Movimento Feminino Popular
Ainda
no primeiro dia, cumprindo a programação, depois do almoço, foi
realizada uma reunião de mulheres, promovida pelo MFP –Movimento
Feminino Popular. Iniciaram com o canto “Lutadoras da Revolução”, hino
do MFP. As companheiras que dirigiram a reunião fizeram questão de
marcar uma forte saudação em memória da companheira Sandra Lima e já
começaram convocando as atividades do 8 de março em homenagem à esta
brava lutadora do povo que até o seu ultimo suspiro levantou a bandeira
da Revolução Democrática, ininterrupta ao Socialismo em nosso país e a
necessidade da participação ativa das mulheres do povo nesta luta.
Na reunião, todas se pronunciaram.
Estavam presentes mais de 30 companheiras, entre camponesas, estudantes,
professoras, pesquisadoras, sindicalistas e outras trabalhadoras da
cidade.
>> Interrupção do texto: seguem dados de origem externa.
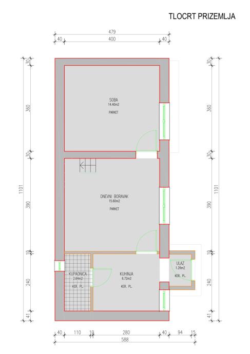 Prizemlje: ulazni prostor, kuhinja, kupaonica, dnevni boravak, 1 spavaća soba

Com falas simples cada uma se apresentava e falava o que pensava
da luta, da situação atual em nosso país e como se sentia naquele
momento. Vários relatos demonstraram a importância da participação das
mulheres em todas as atividades, em especial na retomada daquelas terras
e na realização e sustentação do Corte Popular.
Durante a reunião, os companheiros
cuidaram das crianças, realizando atividades com elas para que as mães
pudessem participar. Além disso, outra equipe de companheiros se
revezaram na cozinha, para que nenhuma companheira ficasse de fora.
Servir ao Povo
O grupo de teatro Servir ao Povo preparou junto à juventude local a apresentação da peça “A Aldeia Tachai”, uma adaptação de parte dos “Três textos mais lidos do Presidente Mao Tsetung”. A
peça como no texto, conta a historia de uma aldeia que em 1963 (durante
a construção socialista na China Popular) foi arrasada por chuvas e que
se reconstruiu, vencendo várias dificuldades e sabotagens dos antigos
latifundiários, apoiando-se nas próprias forças, sob a consigna do
Presidente Mao de que o “fator decisivo é o homem”.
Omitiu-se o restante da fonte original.